We do not agree with the respondent that petitioner purchased the farm primarily to satisfy his desire to live on a country estate. It may be true that petitioner experienced pleasure from residing in a country home, but this/fact alone does not negative his intent to operate the farm for profit. Wilson v. Eisner, 282 F. 38" date_filed="1922-04-03" court="2d Cir." case_name="Wilson v. Eisner">282 Fed. 38. Nor is such intent negatived by the fact assumed by respondent that petitioner, as a business executive, has received an annual salary sufficiently high to indicate no need to supplement his income by the farm operation.

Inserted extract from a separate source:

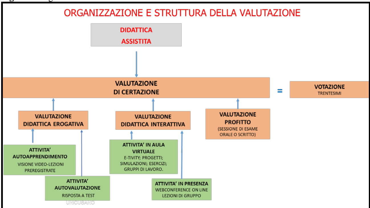
Figura 2. Organizzazione della valutazione e votazione.

La valutazione è registrata sulla base del sistema di verbalizzazione elettronica realizzato dall'università.

We are convinced from the record that it has at all times been petitioner’s intention to operate the farm for profit, and that he had reasonable expectations of accomplishing that result. His efforts to make a profit have included increasing the land in cultivation and in pasturage from 75 to 95 acres, renting the farm, employing an experienced farmer to operate it under his supervision, improving the land by reclamation practices and fertilization and soil conservation methods, and engaging at various times in a number of diversified types of farming. He spends most of his week ends working on the farm, performing such odd jobs as repairing buildings or equipment, feeding poultry, and spraying orchards. On week days he usually consults with his employee for 10 or 15 minutes each morning in connection with problems related to the operation of the farm. In addition he has expended a great deal of money in repairing farm buildings and buying farm equipment, all of which was for utilitarian rather than beautification purposes. He has always considered the farm separate from his home, he has segregated the capital and operating expenses of the residence from the farm expenses, and he has not used the farm for any social or recreational purposes, nor does it have any such facilities.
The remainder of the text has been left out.